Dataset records
● ● ●
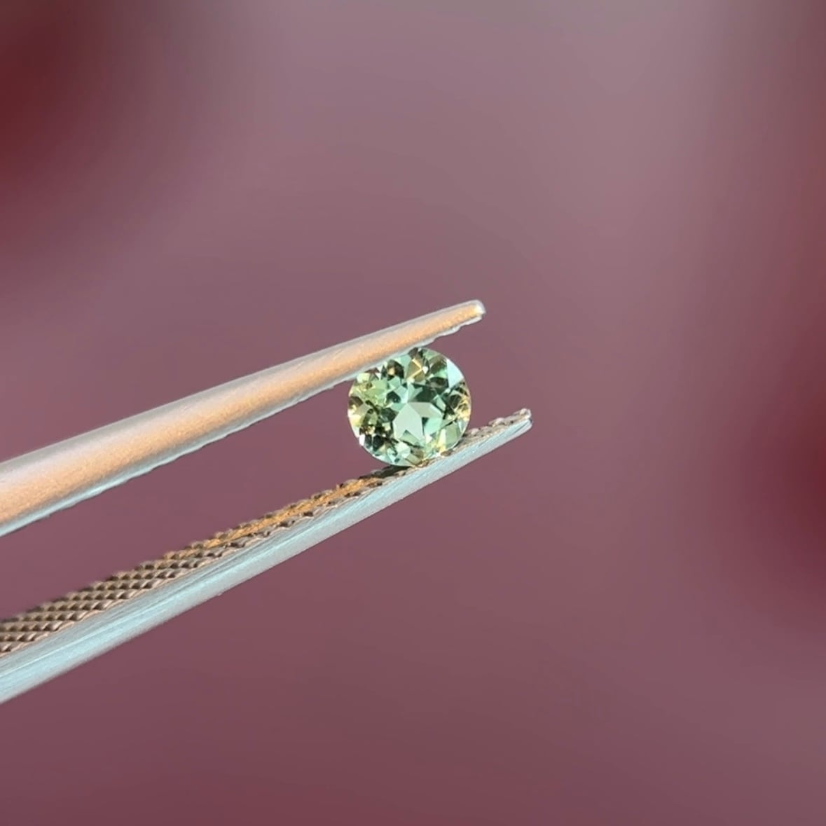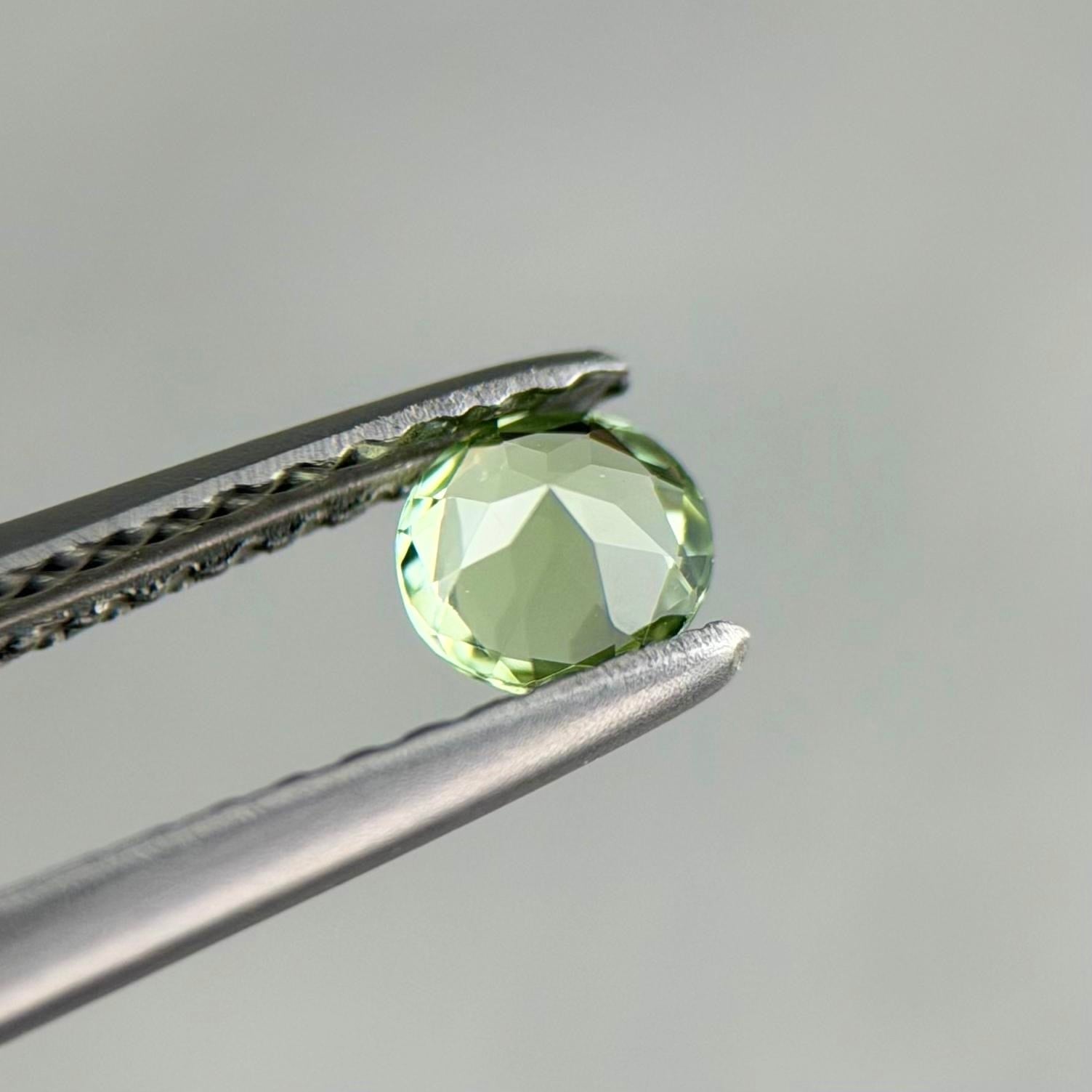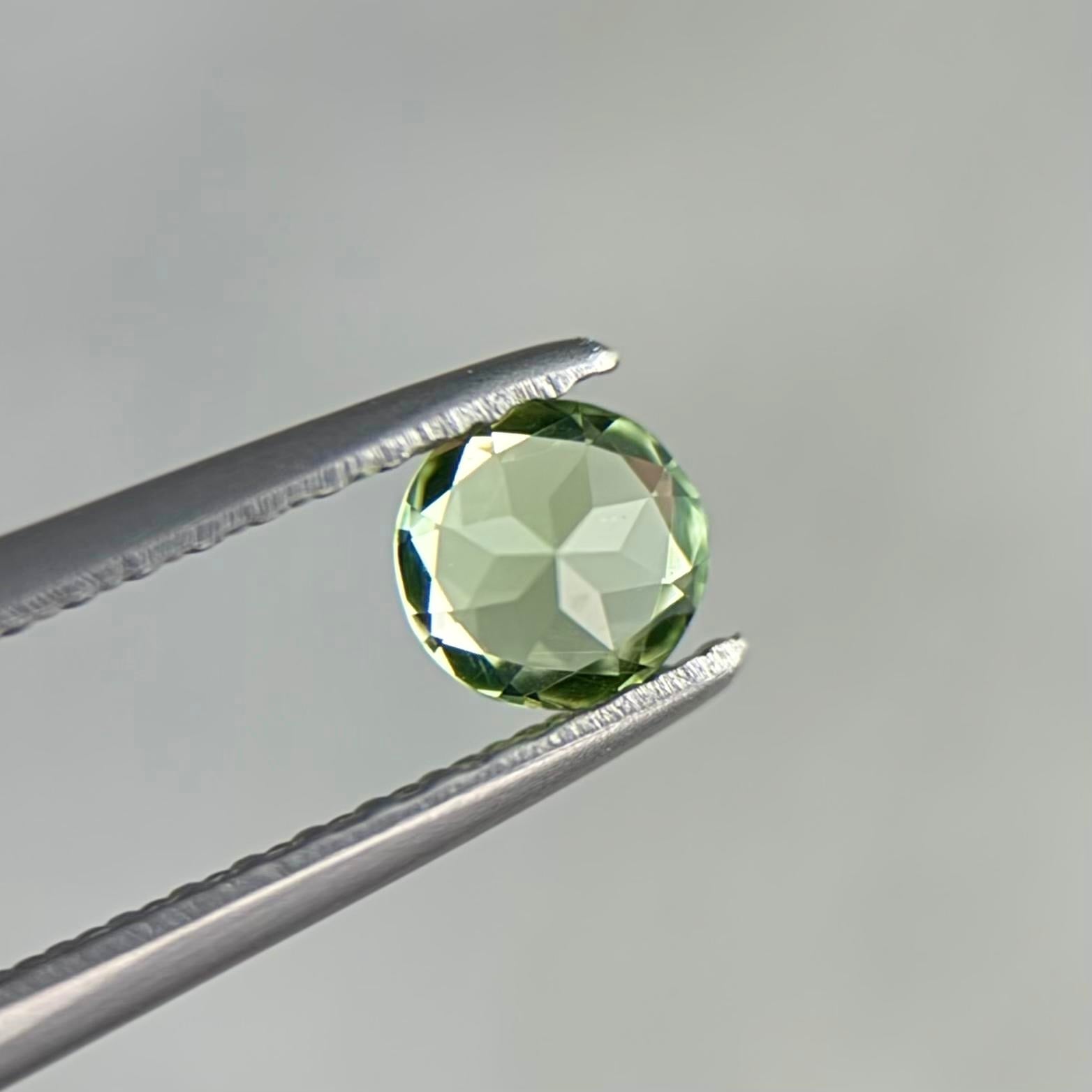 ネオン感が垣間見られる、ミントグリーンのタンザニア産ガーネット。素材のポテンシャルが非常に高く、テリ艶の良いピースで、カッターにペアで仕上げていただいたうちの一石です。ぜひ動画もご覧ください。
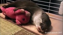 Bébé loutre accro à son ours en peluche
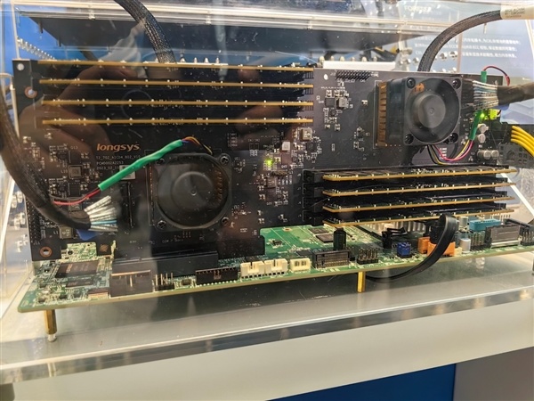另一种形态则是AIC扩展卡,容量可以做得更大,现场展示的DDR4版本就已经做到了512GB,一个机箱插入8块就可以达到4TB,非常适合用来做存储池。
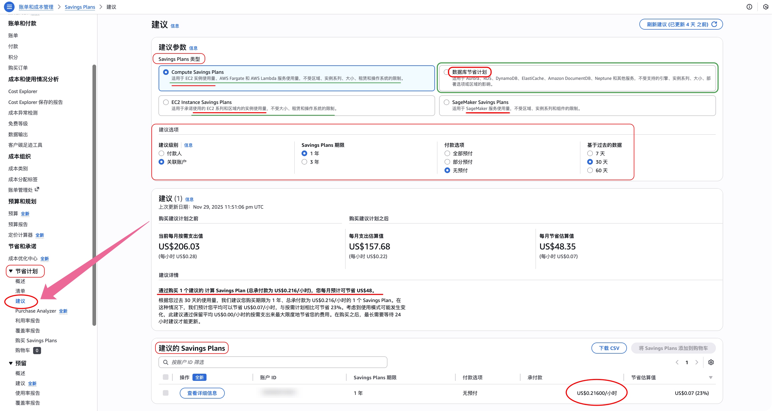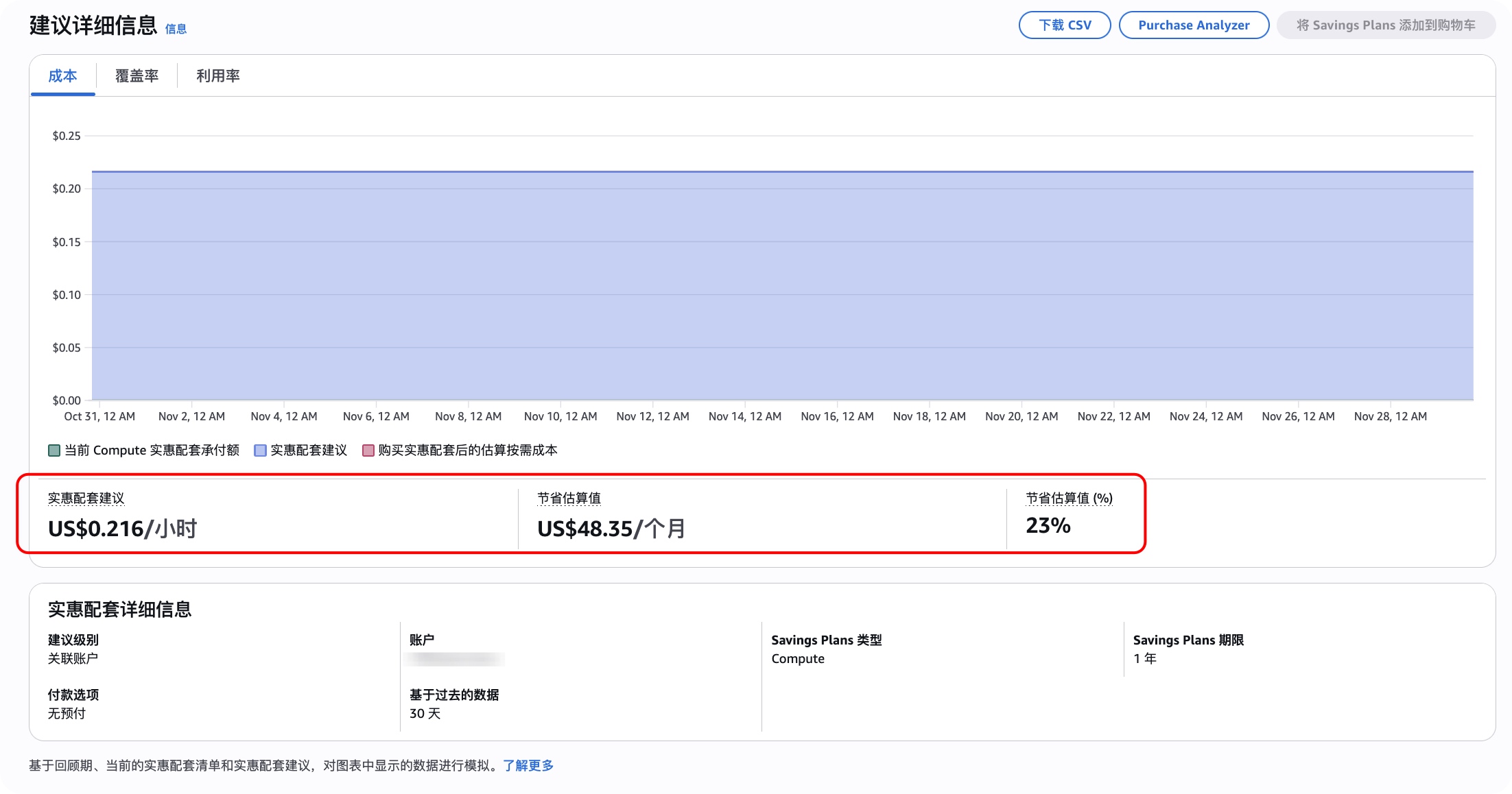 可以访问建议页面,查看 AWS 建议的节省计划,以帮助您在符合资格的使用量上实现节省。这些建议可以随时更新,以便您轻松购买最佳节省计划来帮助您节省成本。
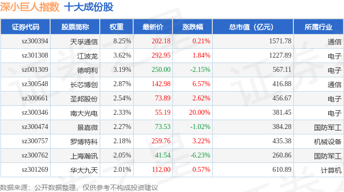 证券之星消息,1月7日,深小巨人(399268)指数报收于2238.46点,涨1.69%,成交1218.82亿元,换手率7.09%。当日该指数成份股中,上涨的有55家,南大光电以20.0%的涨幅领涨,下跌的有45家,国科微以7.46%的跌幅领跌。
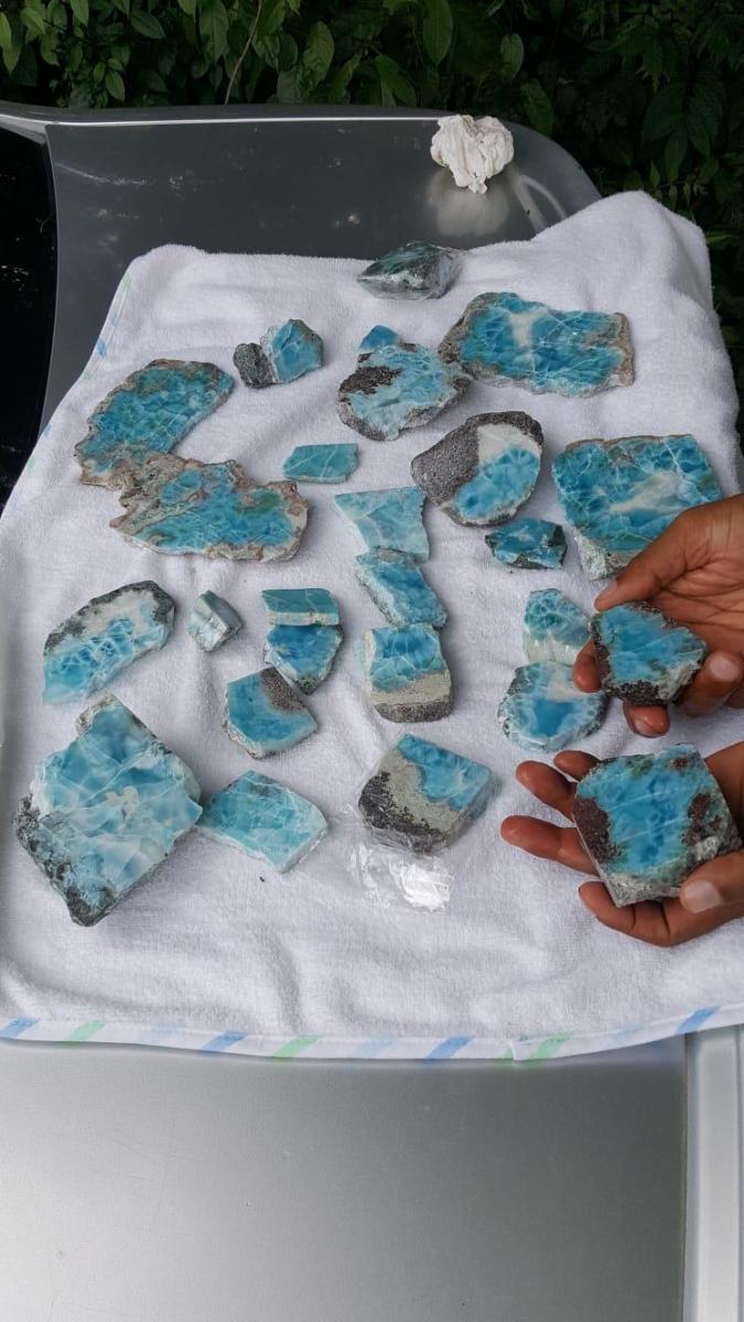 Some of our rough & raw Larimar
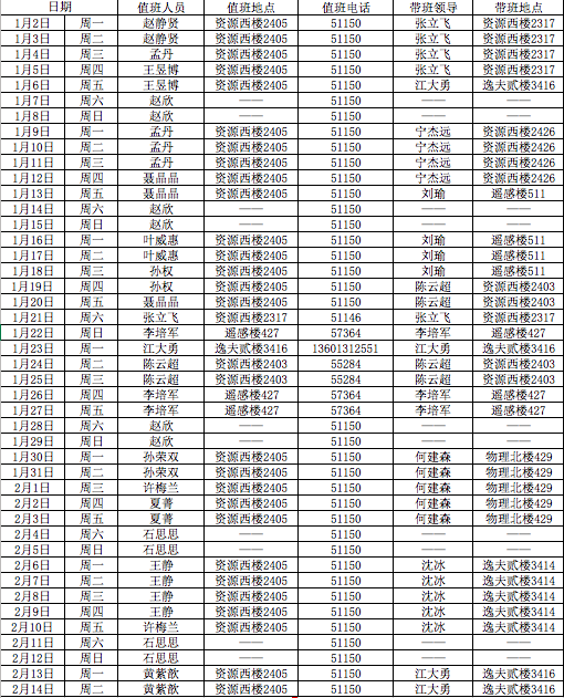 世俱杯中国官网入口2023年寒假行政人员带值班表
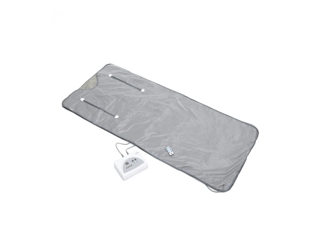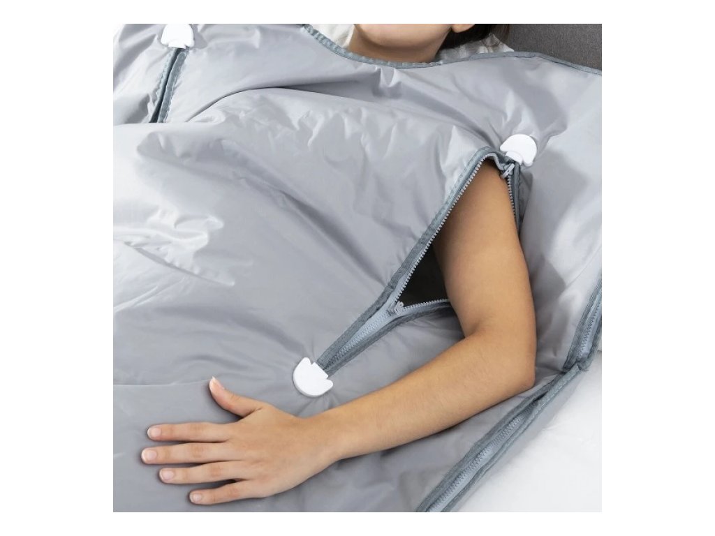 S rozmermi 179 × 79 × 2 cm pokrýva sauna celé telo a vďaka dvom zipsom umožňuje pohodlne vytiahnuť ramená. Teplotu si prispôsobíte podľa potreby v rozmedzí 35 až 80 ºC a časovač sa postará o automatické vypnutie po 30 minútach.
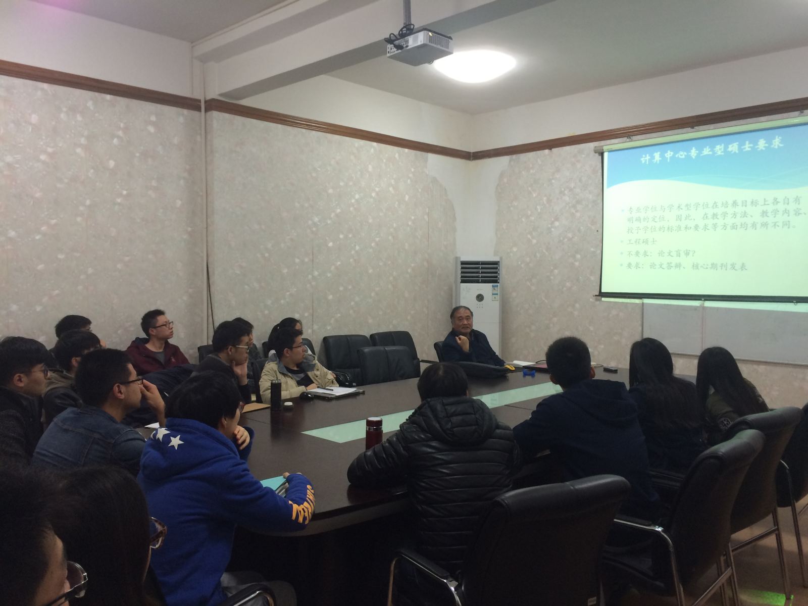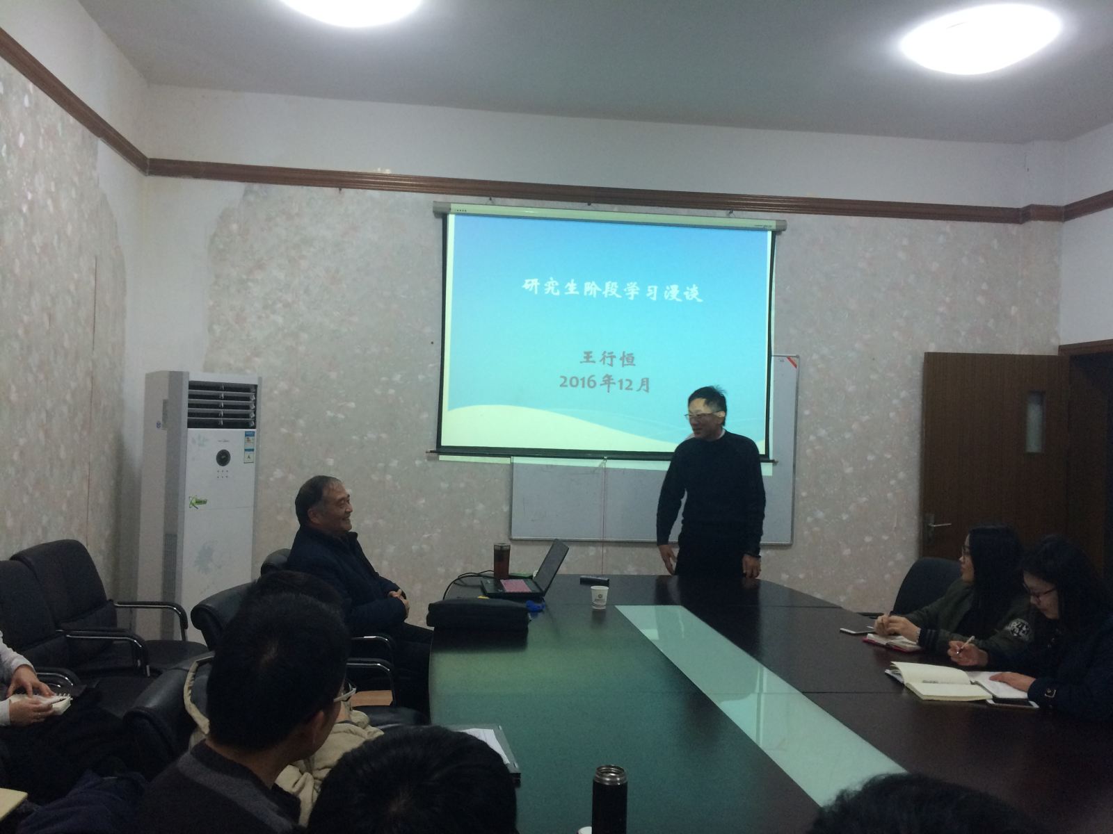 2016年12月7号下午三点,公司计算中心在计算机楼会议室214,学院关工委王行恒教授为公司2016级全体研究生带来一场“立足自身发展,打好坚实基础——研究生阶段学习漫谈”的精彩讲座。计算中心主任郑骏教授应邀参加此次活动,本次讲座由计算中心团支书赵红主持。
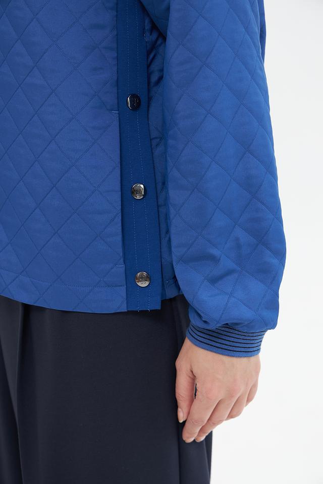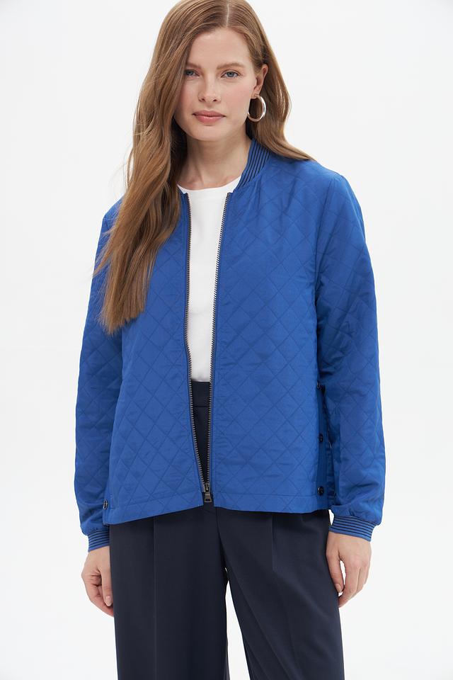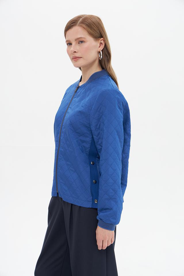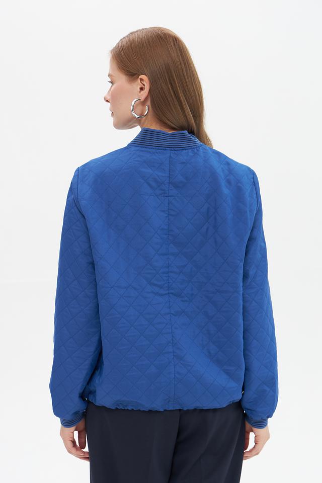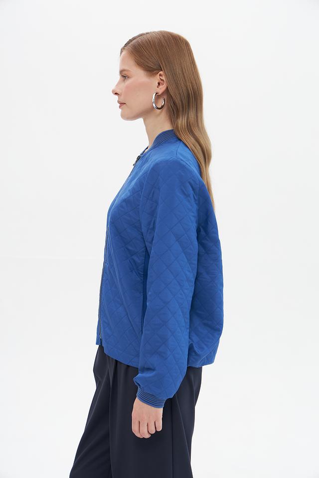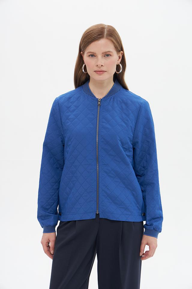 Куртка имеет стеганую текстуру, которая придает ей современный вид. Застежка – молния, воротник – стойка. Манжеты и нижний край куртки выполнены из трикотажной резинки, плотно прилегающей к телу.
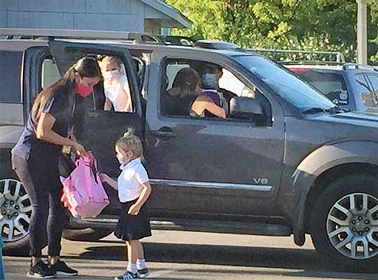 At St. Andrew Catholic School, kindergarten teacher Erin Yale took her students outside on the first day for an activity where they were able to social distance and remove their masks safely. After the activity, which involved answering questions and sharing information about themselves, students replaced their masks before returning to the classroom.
● ● ●
» **Task instructions**:
Pictures stay out. Repeat only the lines from the beginning of the data through the line that has "2016年12月7号下午三点".

» **Reply to the task**:
 ネオン感が垣間見られる、ミントグリーンのタンザニア産ガーネット。素材のポテンシャルが非常に高く、テリ艶の良いピースで、カッターにペアで仕上げていただいたうちの一石です。ぜひ動画もご覧ください。
 Bébé loutre accro à son ours en peluche
另一种形态则是AIC扩展卡,容量可以做得更大,现场展示的DDR4版本就已经做到了512GB,一个机箱插入8块就可以达到4TB,非常适合用来做存储池。
 可以访问建议页面,查看 AWS 建议的节省计划,以帮助您在符合资格的使用量上实现节省。这些建议可以随时更新,以便您轻松购买最佳节省计划来帮助您节省成本。
 证券之星消息,1月7日,深小巨人(399268)指数报收于2238.46点,涨1.69%,成交1218.82亿元,换手率7.09%。当日该指数成份股中,上涨的有55家,南大光电以20.0%的涨幅领涨,下跌的有45家,国科微以7.46%的跌幅领跌。
 Some of our rough & raw Larimar
 世俱杯中国官网入口2023年寒假行政人员带值班表
 S rozmermi 179 × 79 × 2 cm pokrýva sauna celé telo a vďaka dvom zipsom umožňuje pohodlne vytiahnuť ramená. Teplotu si prispôsobíte podľa potreby v rozmedzí 35 až 80 ºC a časovač sa postará o automatické vypnutie po 30 minútach.
 2016年12月7号下午三点,公司计算中心在计算机楼会议室214,学院关工委王行恒教授为公司2016级全体研究生带来一场“立足自身发展,打好坚实基础——研究生阶段学习漫谈”的精彩讲座。计算中心主任郑骏教授应邀参加此次活动,本次讲座由计算中心团支书赵红主持。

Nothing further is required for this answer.